Archive for the ‘Thomas B McArravy’ Tag

Maxine Motel – Bidwell Street

We looked at the early years of this West End building in the previous post. Initially developed in 1929, the facade we see today was built in 1936 and 1938, designed by Thomas McArravy and Ross Lort. A further southern addition was added some time after 1939, but before 1954. It was very shallow, as behind it was 1233 Bidwell Street, an early house on the block that had been bought by the building’s owners in 1929.

They were Maxine MacGilvray and her husband, Ivor Bebb. The married in 1928 and became partners in her already expansive beauty products and salon business. The depression in the early 1930s meant a trip to the beauty salon was a luxury many women chose to cut out, and the business suffered. There was also a Beauty School here, training many of the young women then recruited to work in the beauty salons.

In 1940 the US census shows the couple were living in Washington, in Seattle, where Ivor was shown as manufacturing cosmetics for his beauty shop, while Maxine was shown running the shop. Their ages and places of birth were recorded accurately – Maxine was from Wisconsin, and Ivor was 10 years her junior, aged 36, from Wales, (although their advertising had Maxine from Beverley Hills, and Ivor ‘of Paris and London’).
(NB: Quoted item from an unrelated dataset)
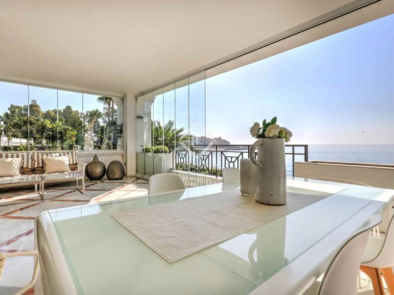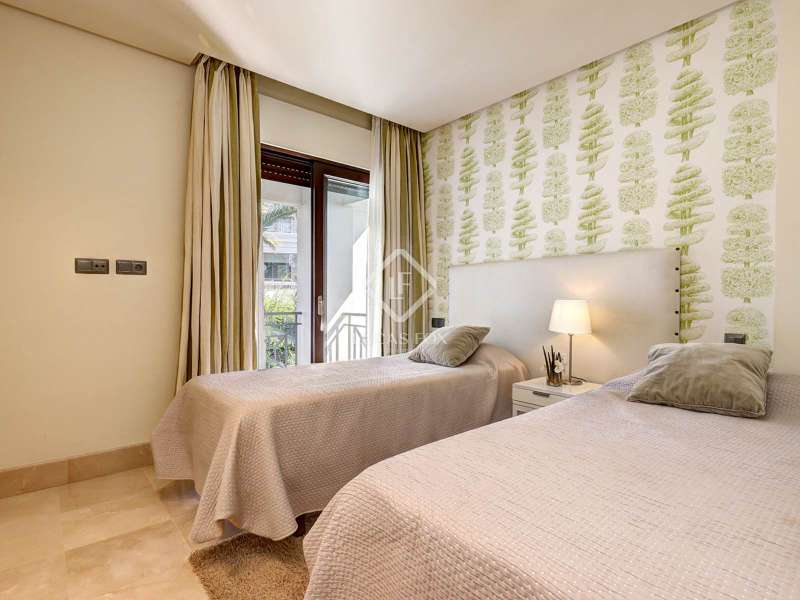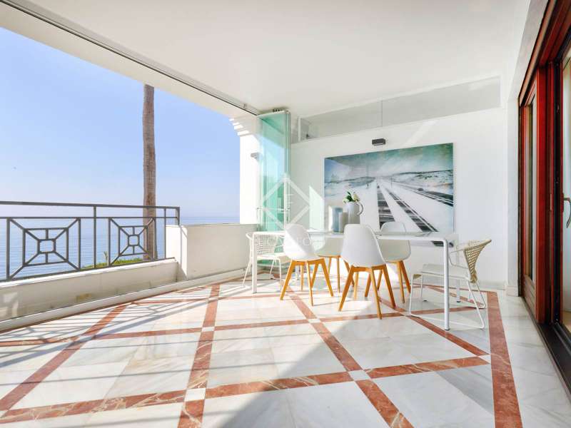 This elegant two-bedroom apartment is located on the beachfront at Doncella Beach, one of the most exclusive developments in Estepona. The property has a spacious and bright interior design. It has two bedrooms with en-suite bathrooms, offering privacy and comfort. The main suite has direct access to the private terrace with stunning views of the Mediterranean Sea, allowing you to enjoy the breeze from your bed. The second bedroom also has a separate terrace. Originally a three-bedroom property, the new owners have the option to keep the two larger rooms or reconvert to the original three. The living room connects to the terrace, creating a perfect space for both relaxing and entertaining guests. The fully equipped kitchen is complemented by a practical laundry area, providing additional functionality. The facilities and gardens are meticulously maintained, and the development has 24-hour security. The apartment includes parking and storage room. Please contact us for further details.
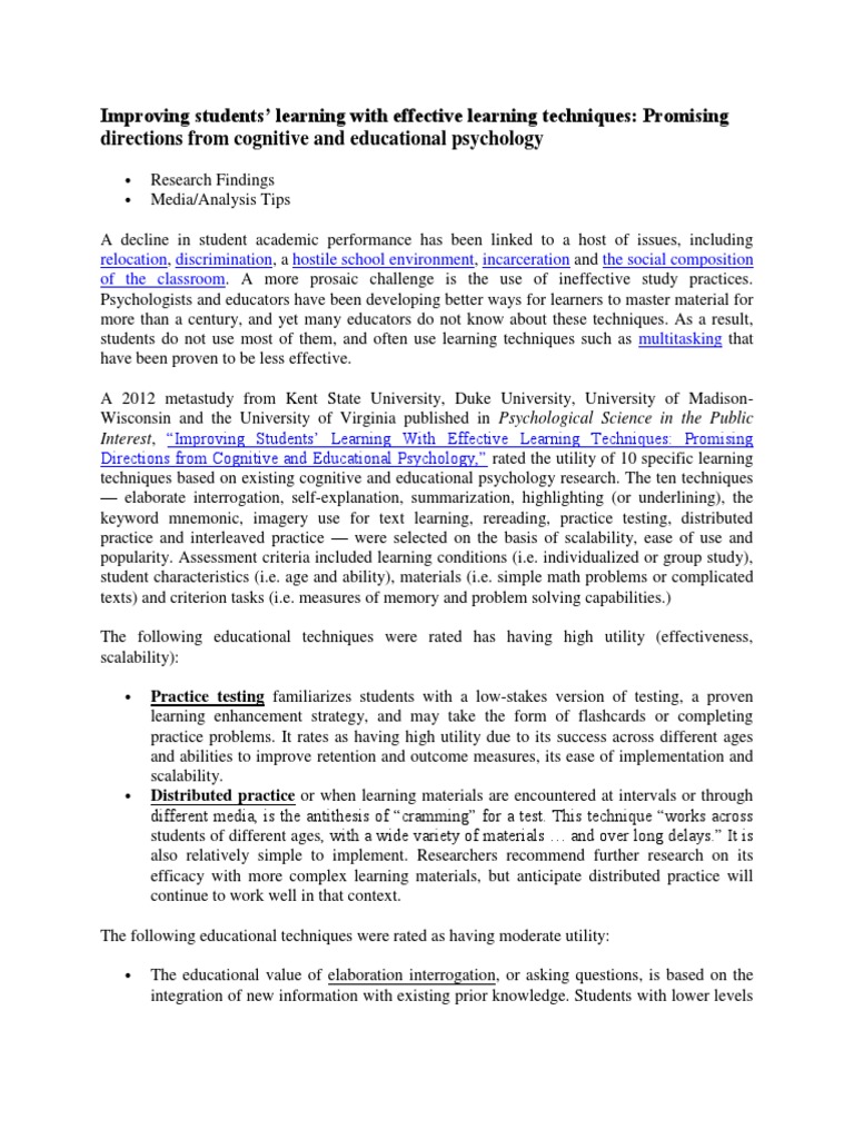 Effective Learning Techniques and Methods | Download Free PDF ...

They were still travelling back to Vancouver for their business here. In 1939 “Gaily colored streamers and large green shamrocks decorated the reception-room of the Maxine School of Beauty Culture on Friday evening, when the juniors of the school entertained at a dancing party for, the graduating seniors. Guests were received by Maxine and Mr. Ivor Bebb, president and vice-president of the school, and during the evening prizes were presented to several students.” The house at 1223 Bidwell still showed I. Bebb as resident.

In 1940 Ivor Ewan Bebb became an American citizen, and the application shows he was born near Welshpool. His wife, Max Elwy Bebb was born in Chippewa Falls, Wisconsin, and Ivor said he had moved from Vancouver to Seattle in 1930. In 1941 a new business, the Max-Ivor company, was incorporated in the US and continued to operate until 2001.

In 1942 the Maxine Beauty School was shown operating here, but a year later this was the Maxine Apartments – eight in total. The house at 1223 was still listed too. In 1943 The Max-Ivor Motel, on Highway 99 at 6188 4th Ave in Seattle was opened.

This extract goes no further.